Indeed, recent results suggest that the key step in developing rotary motion may have been evolution of a stator that anchors to the cell ultrastructure, enabling the archaellar motor to act as a rotor that pushes against the stator to spin the extracellular filament (Figure 1). In the archaellum, the function of the stator complex may be fulfilled by ArlF and ArlG [note that archaellar proteins have recently been renamed “Arl” from “Fla” to clarify their unrelatedness to bacterial flagellar genes; ArlF and ArlG were previously referred to as FlaF and FlaG (Pohlschroder et al., 2018; Beeby et al., 2020)]. Both proteins feature an N-terminal transmembrane helix and a C-terminal soluble domain. arlF and arlG are conserved in the archaellar operon and are essential for archaellum filament formation and motility (Bayley and Jarrell, 1998). Studies in the model crenarchaeon Sulfolobus acidocaldarius revealed that both proteins are secreted into the pseudoperiplasm. Whereas full-length ArlF is secreted, ArlG has its N-terminus proteolytically cleaved upon secretion by an as-yet unidentified protease. In vitro, N-terminally truncated variants of ArlF (sArlF) and ArlG (sArlG) are stable at pH 3, making them stable in the acidic S. acidocaldarius pseudoperiplasm. ArlF interacts with the S-layer, the outer layer of the S. acidocaldarius cell envelope, and this interaction is required for motility. Additionally, the cleaved forms interact in vitro to form a heterotetramer; disrupting their binding interfaces abolishes motility (Bayley and Jarrell, 1998). Curiously, ArlF and ArlG share the same β-sandwich “archaellin” fold as ArlB, suggesting that one or both may polymerize to form a filament, although their N-terminal helices are 15–20 amino acids shorter. Indeed, our recent work found that sArlG forms a filament, while addition of ArlF interferes with ArlG filament formation (Banerjee et al., 2015; Tsai et al., 2020). Together, this suggests that ArlG forms a pseudoperiplasm-spanning filament with an S-layer-binding ArlF cap. The structural similarity of ArlF and ArlG indicates that the archaellar stator complex evolved from a duplication and neofunctionalization of a pre-existing component, the ancestral pilin itself (Ganfornina and Sánchez, 1999; Wang et al., 2019). What structural changes in the ancestral duplicated ArlB facilitated this neofunctionalization?

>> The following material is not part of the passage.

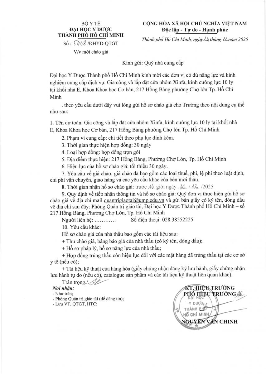 Thời gian nhận hồ sơ chào giá: từ ngày ra thông báo đến trước 16 giờ, ngày 30/12/2025

Figure 1. Evolution of archaellar rotary propeller function coincided with duplication of a member of the ArlB family. The archaellum uses a single ATPase to both extend and rotate its archaellar filament. Emergence of this new function coincided with duplication of the archaellar filament protein, ArlB, to also provide ArlF and ArlG, putative stator complexes against which the archaellar motor can push.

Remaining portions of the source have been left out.